Struvite fertilizer recovered from wastewater is a high-quality product that slowly releases nutrients into the soil.
© Fraunhofer IGB
It is therefore high time to start looking for alternatives. This is not an easy task, because phosphorus cannot be replaced by any other substance. But researchers at the Fraunhofer Institute for Interfacial Engineering and Biotechnology IGB in Stuttgart have found a solution that makes use of locally available resources which, as unlikely as it might seem, are to be found in plentiful supply in the wastewater from sewage treatment plants and in the fermentation residues from biogas plants: a perfect example of the old saying “from muck to riches”. The new process was developed by a team of scientists led by Jennifer Bilbao, who manages the nutrient management research group at the IGB. “Our process precipitates out the nutrients in a form that enables them to be directly applied as fertilizer,” she explains.
Mobile pilot plant for field tests
The main feature of the patented process, which is currently being tested in a mobile pilot plant, is an electrochemical process that precipitates magnesium-ammonium phosphate – also known as struvite – by means of electrolysis from a solution containing nitrogen and phosphorus.
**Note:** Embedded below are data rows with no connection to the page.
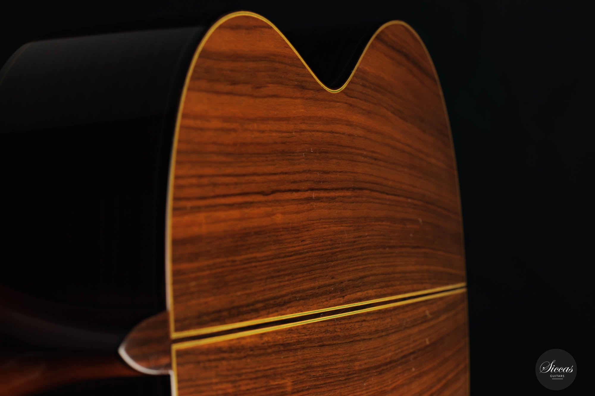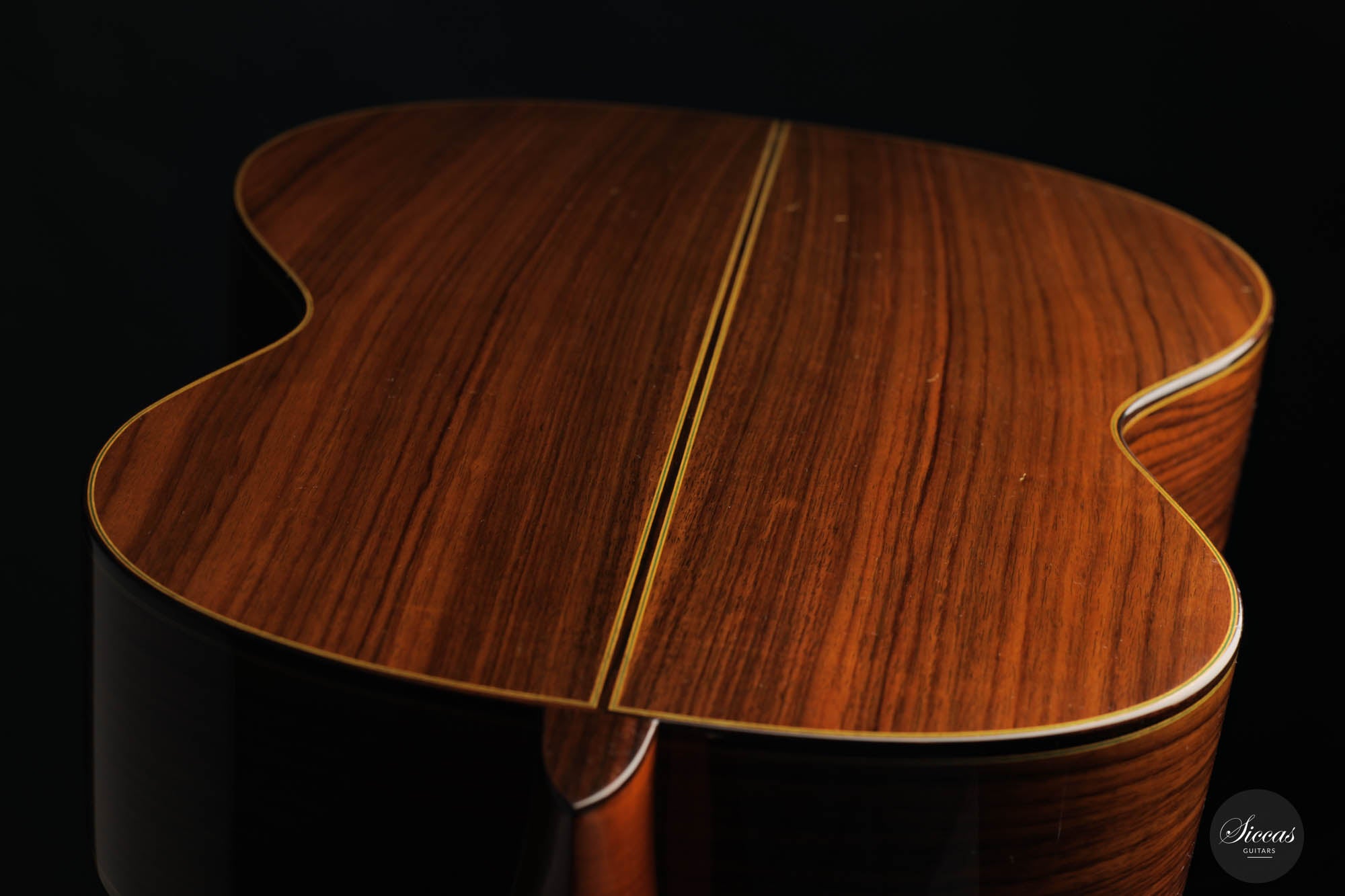 The Masaru Kohno No. 10 from 1973 is a stunning guitar that will impress any guitarist. This exceptional instrument is characterized by its balanced tonal quality across the fingerboard, making it ideal for playing various styles and genres. The cedar soundboard is a key factor in the guitar's warm and round timbre, which is sure to delight even the most discerning musicians. Despite being a pre-loved instrument, this Kohno No. 10 is in very good condition, with several playing wears and no structural issues. This is a testament to the high quality of craftsmanship that went into its creation and the care and attention it has received over the years. One of the standout features of this guitar is its beautiful Indian rosewood back and sides, which give it an eye-catching appearance that is sure to turn heads. This, combined with exceptional sound quality and playability, make this instrument a true gem. For guitarists looking for a concert instrument at an affordable price, this Kohno No. 10 is a rare opportunity that should not be missed. It is an exceptional guitar that will inspire and delight for years.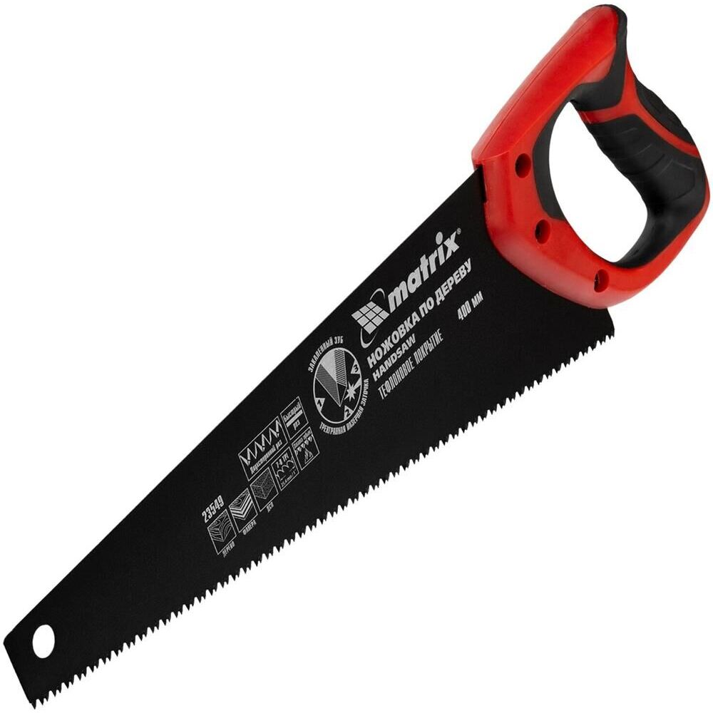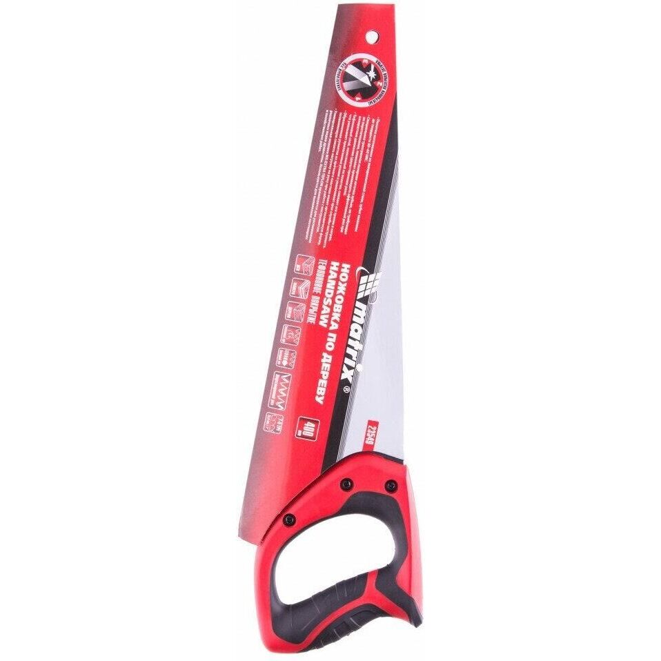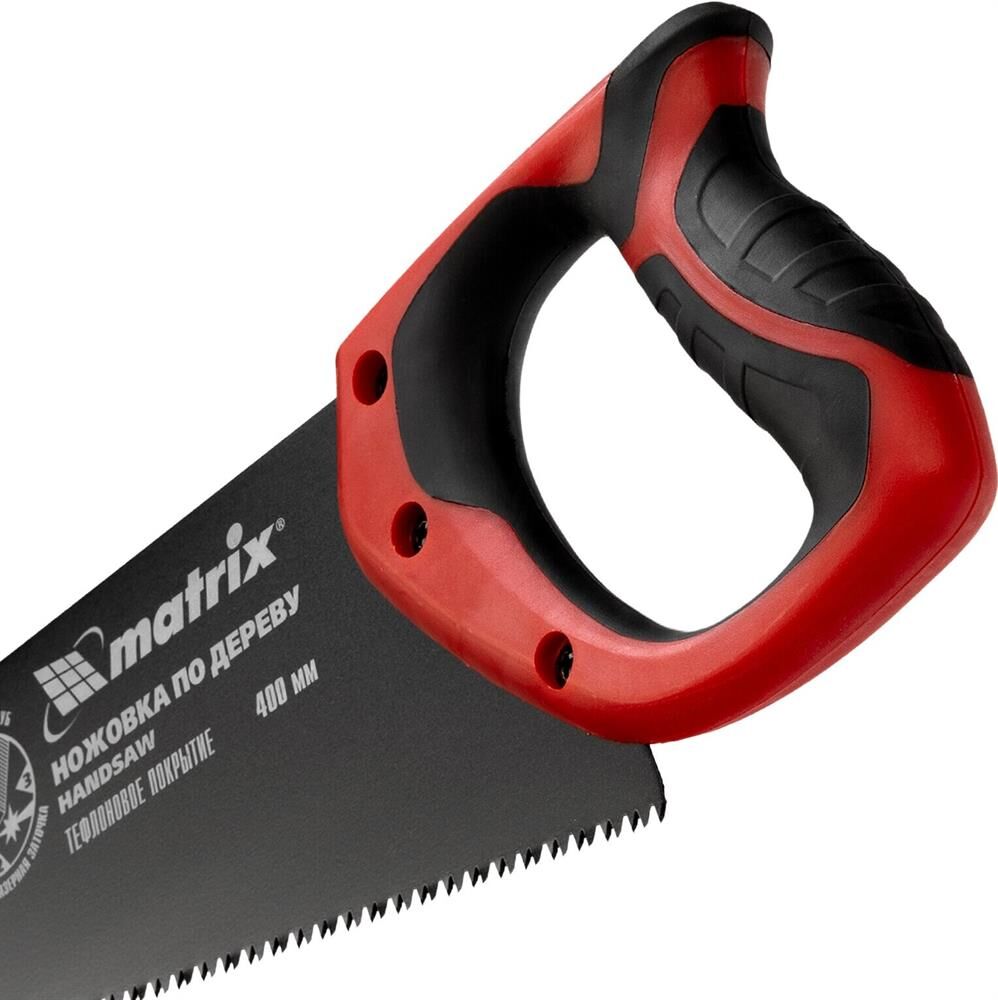 Ножовка по дереву Matrix 23549 с полотном длиной 400 мм, калеными зубьями с шагом 7-8 TPI и 3D-заточкой, с тефлоновым покрытием полотна и 2-компонентной рукояткой, пилит древесину, фанеру и ДСП. Подходит для продольного и поперечного пиления, используется для быстрой распиловки заготовок. Трехгранная заточка зубьев обеспечивает повышенную производительность. Ножовка будет полезна столяру, плотнику, пригодится также в домашнем хозяйстве.ПреимуществаПрочность — полотно из холоднокатаной стали 65Mn выдерживает динамические нагрузки.Высокий ресурс — закаленные зубья твердостью 50-55 HRC долго держат заточку, полотно с тефлоновым покрытием не боится коррозии.Повышенная скорость распиловки — тефлоновое покрытие улучшает антифрикционные свойства полотна.Эргономичность — двухкомпонентная рукоятка удобно лежит в руке, уменьшая усталость во время длительной работы.Надежная конструкция — рукоятка крепится к полотну при помощи 3-х винтов.Гарантированное качество — инструмент изготовлен на заводе с японским оборудованием и прошел строгий контроль на каждом этапе производства.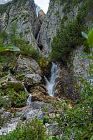 Natuurlijke landschap van een klein waterval in de Dolomieten.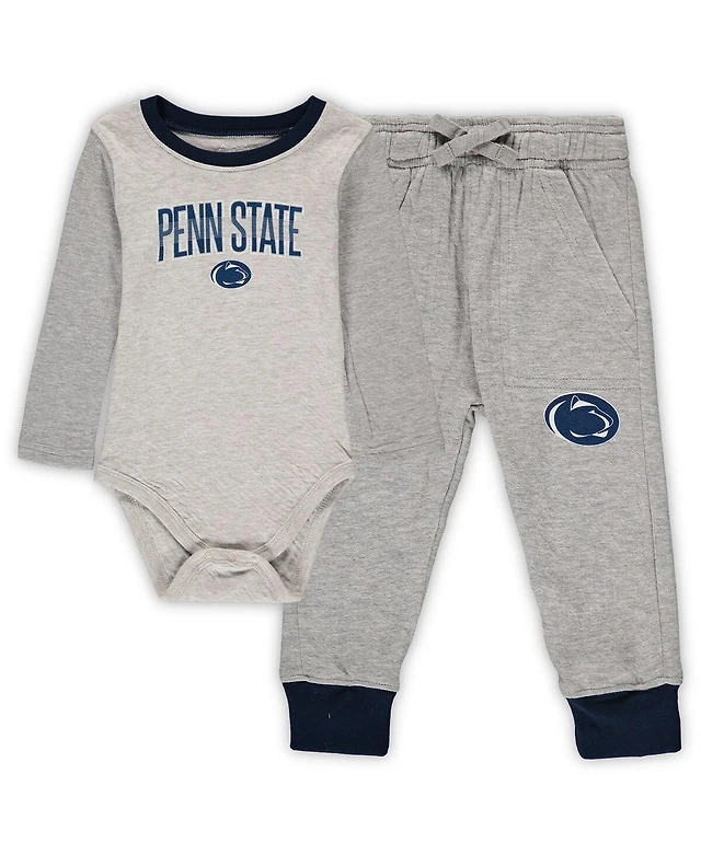 Infant Boys and Girls Wes & Willy Heathered Gray, Navy Penn State Nittany Lions Jie Jie Long Sleeve Bodysuit and Pants Set
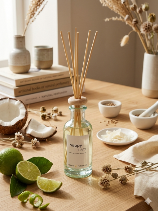 Présenté dans un élégant flacon en verre recyclé et recyclable, le mikado Happy Coco s’inscrit dans une démarche responsable. Une création vegan et zéro déchet, idéale pour parfumer votre maison avec style et conscience.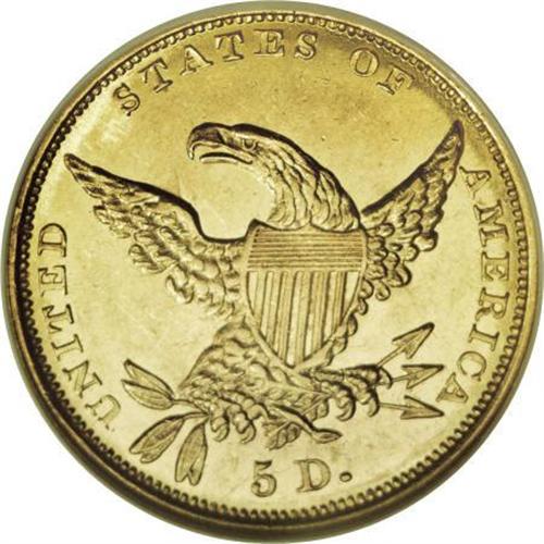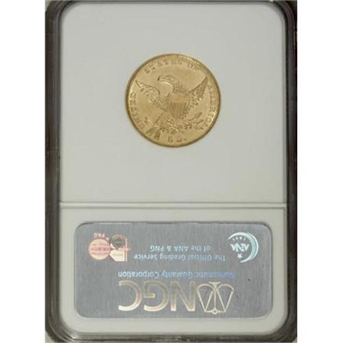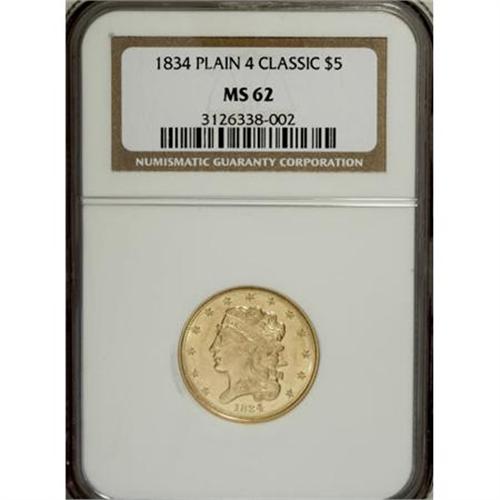 <B>1834 $5 Plain 4 MS62 NGC.</B></I> First Head, Breen-6501, McCloskey 3-B, R.2. In 1834, the weight of U.S. gold coins was reduced in order to keep them from being melted for their bullion value, and the motto E PLURIBUS UNUM was removed from the reverse. This new type was produced for five years. This green-gold example is well struck and lustrous, with just a few wispy marks on each side. <BR> <BR><BR><B>Coin Engraver:</B> William Kneass<BR><BR><b>Shipping:</b> Coins & Currency (<a target="_blank" href="http://www.heritageauctions.com/common/shipping.php">view shipping information</a>)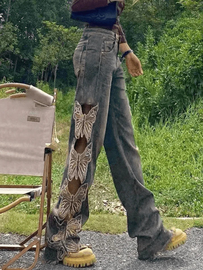 Y2K Butterfly Embroidered Ripped Baggy Ripped Jeans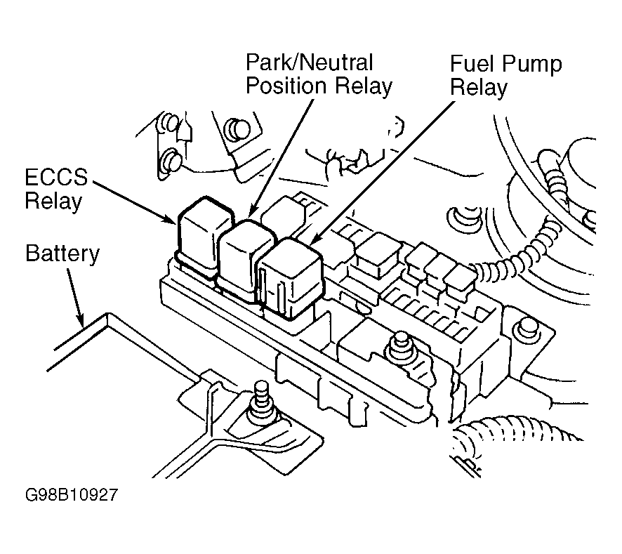- Turn ignition off. Remove ECCS relay. See Fig 2. Check voltage between ground and fuse block relay cavities No. 1 and 7 (White/Red wires). If voltage exists, go to next step. If voltage does not exist, check 7.5-amp fuse and harness for open or short between relay and battery.
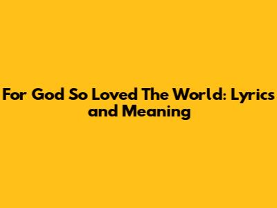 God So Loved The World: Lyrics And Meaning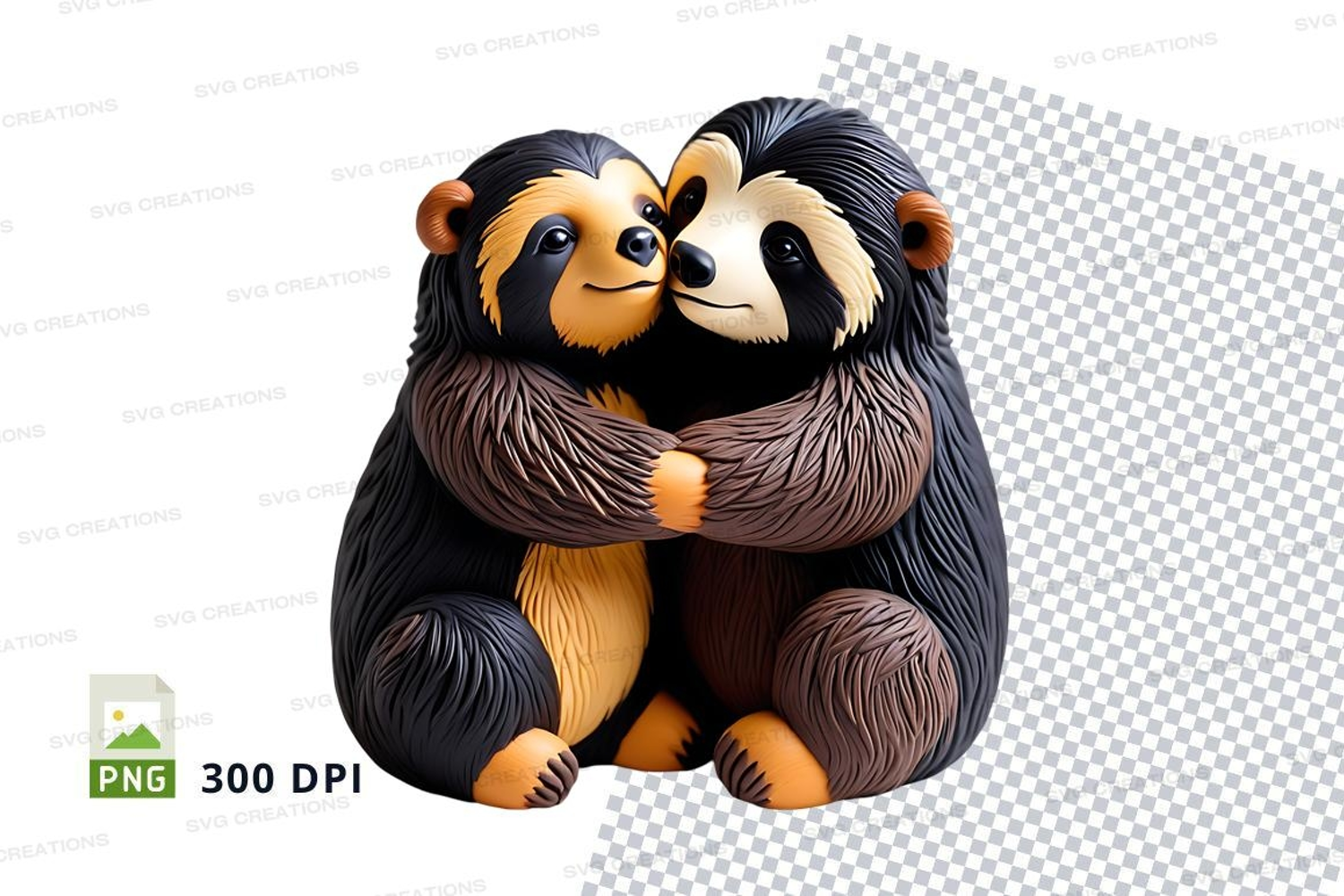 Cute hugging cartoon bears clipart transparent background example image 1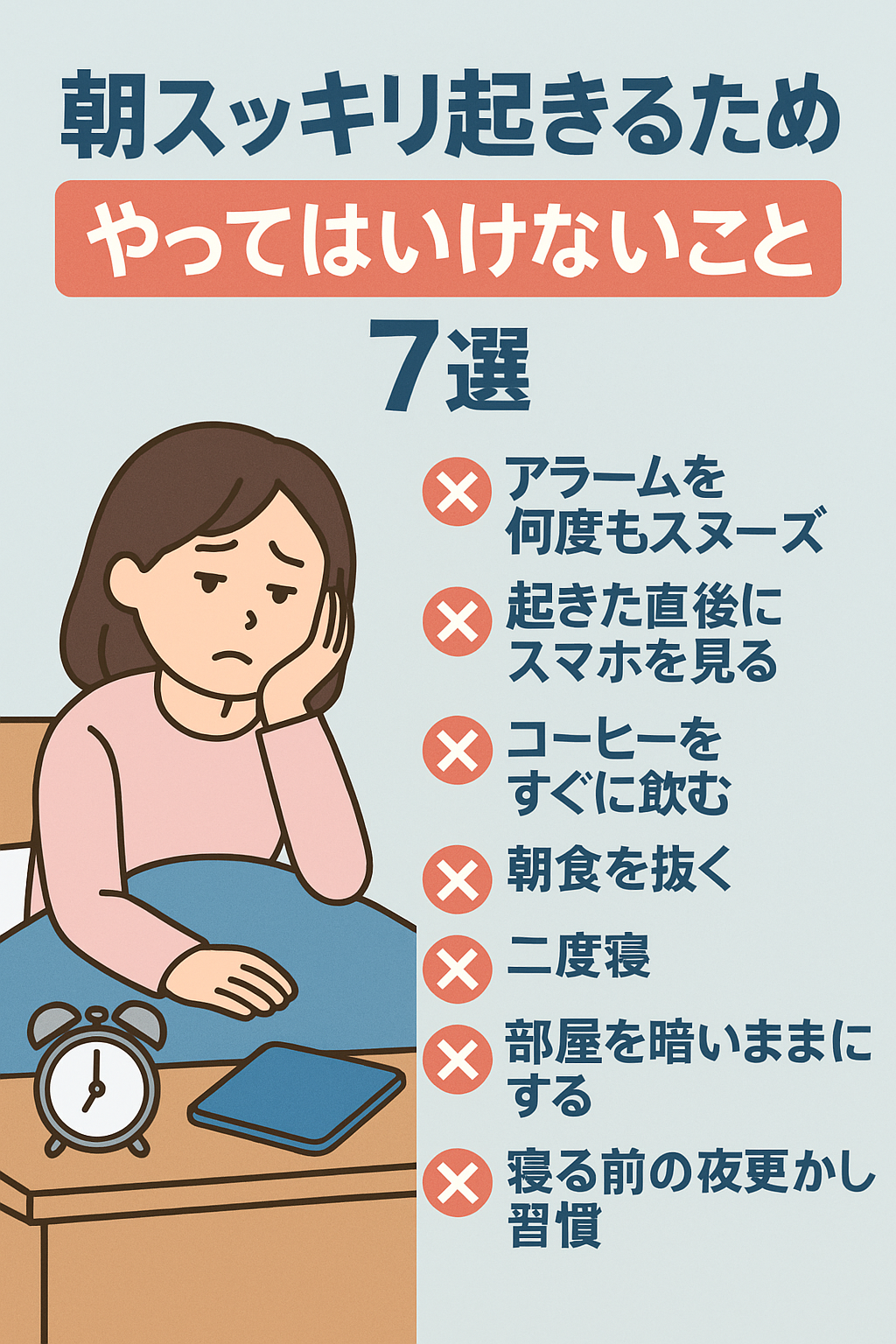 実は、朝スッキリ起きられない原因は 寝る前や起きた直後の習慣 に隠れていることが多いです。ここでは、朝の目覚めを悪くする“やってはいけないこと”を7つ紹介します。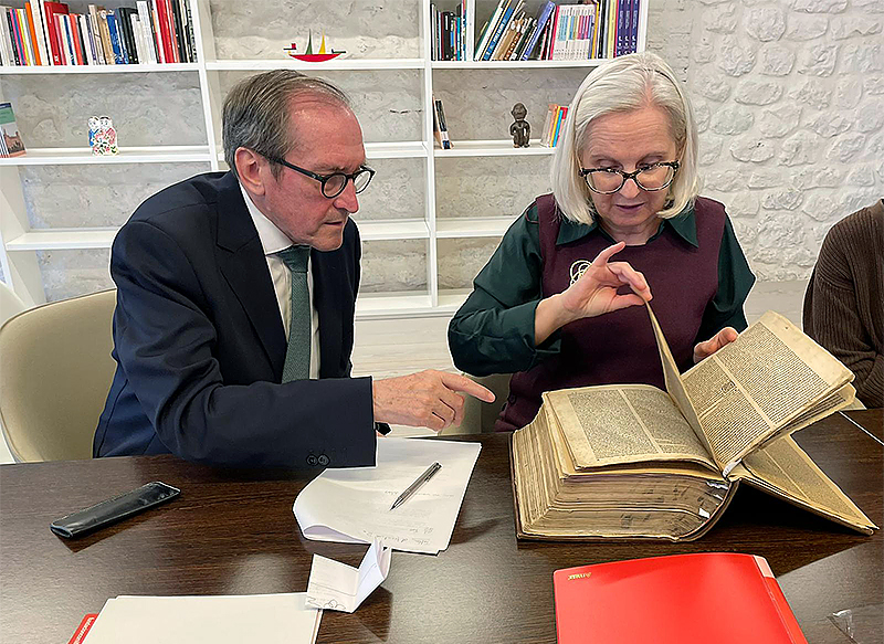La Fundación Comillas ha contado con la presencia de la catedrática de Bibliografía Mercedes Fernández Valladares para realizar la colación del volumen. Su trabajo permitirá facilitar la identificación, recuperación y acceso del ejemplar para investigadores, que podrán localizarlo y trabajar con él a partir de ahora. Doctora en Filología Hispánica y catedrática de la Universidad Complutense de Madrid, Fernández Valladares es una de las principales expertas en bibliografía literaria retrospectiva y análisis material del libro antiguo. Su trayectoria incluye estudios sobre impresos burgaleses del siglo XVI, pliegos sueltos, relaciones de sucesos e investigaciones sobre incunables y post- incunables. El director de la Fundación Comillas, Dámaso López, ha destacado “el privilegio de asistir a la colación de un post-incunable por parte de la profesora Fernández Valladares” y ha subrayado “el valor excepcional de contar con esta obra en los fondos de la institución”.

Struvite is precipitated from the process water in the form of tiny crystals that can be used directly as fertilizer, without any further processing. The innovative aspect of this method is that, unlike conventional processes, it does not require the addition of synthetic salts or bases. Bilbao: “It is an entirely chemical-free process.”
The 2-meter-high electrolytic cell that forms the centerpiece of the test installation and through which the wastewater is directed contains a sacrificial magnesium anode and a metallic cathode. The electrolytic process splits the water molecules into negatively charged hydroxyl ions at the cathode. At the anode an oxidation takes place: the magnesium ions migrate through the water and react with the phosphate and ammonium molecules in the solution to form struvite.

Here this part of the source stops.